"...We have, thankfully, never seen anything like this president who believes he is the last word on anything that happens in the world. A commander-in-chief who acts independently of our Congress as if he was king. A chief executive who believes his domain is limitless and behaves like the emperor of the world.
"A man who behaves like a god, who gives and takes life like a god, who determines who to lift up and who to cast down like a god, who feels there is nothing to constrain him but his own conscience… but who is too disturbed and out of touch with reality to realize has no conscience or that he is just a man and a profoundly flawed one at that. [snip]
"And looking at what we are confronted with today and all the grim precedents in history for it, we also, if we are honest, realize that those who are most likely to argue they should hold a place above ordinary people are actually, in fact, the least of us, the most contemptible among us, the banes of our existence.
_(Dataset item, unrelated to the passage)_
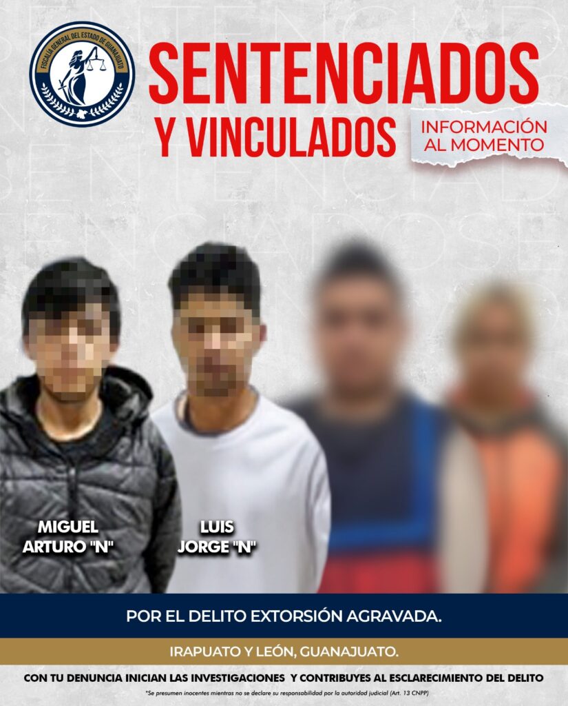 Irapuato, Gto. La Fiscalía General del Estado de Guanajuato informa sobre importantes avances en la investigación y sanción de delitos de extorsión agravada, logrando en días recientes sentencias condenatorias y vinculaciones a proceso en contra de varios imputados por estos delitos ocurridos en los municipios de Irapuato y León.

"And given that, it is up to us, if we wish to contain and ultimately defeat such threats to our well-being and to our world at large, to demythologize them and their power, to demystify their actions rather than to cloak them in the somber grey cloth of polite political discussions, to see them for who and what they are—to acknowledge them as lunatics and monsters." -- David Rothkopf, concluding an essay in his "Need to Know" Substack, on "Living in a Time of Lunatics and Monsters." Look around. It's not just the Malignant Fascist and his regime of lunatics and monsters. It's all those little everyday lunatics and monsters who enable him, support him, follow him. He may be the worst (he is), but he has plenty of company.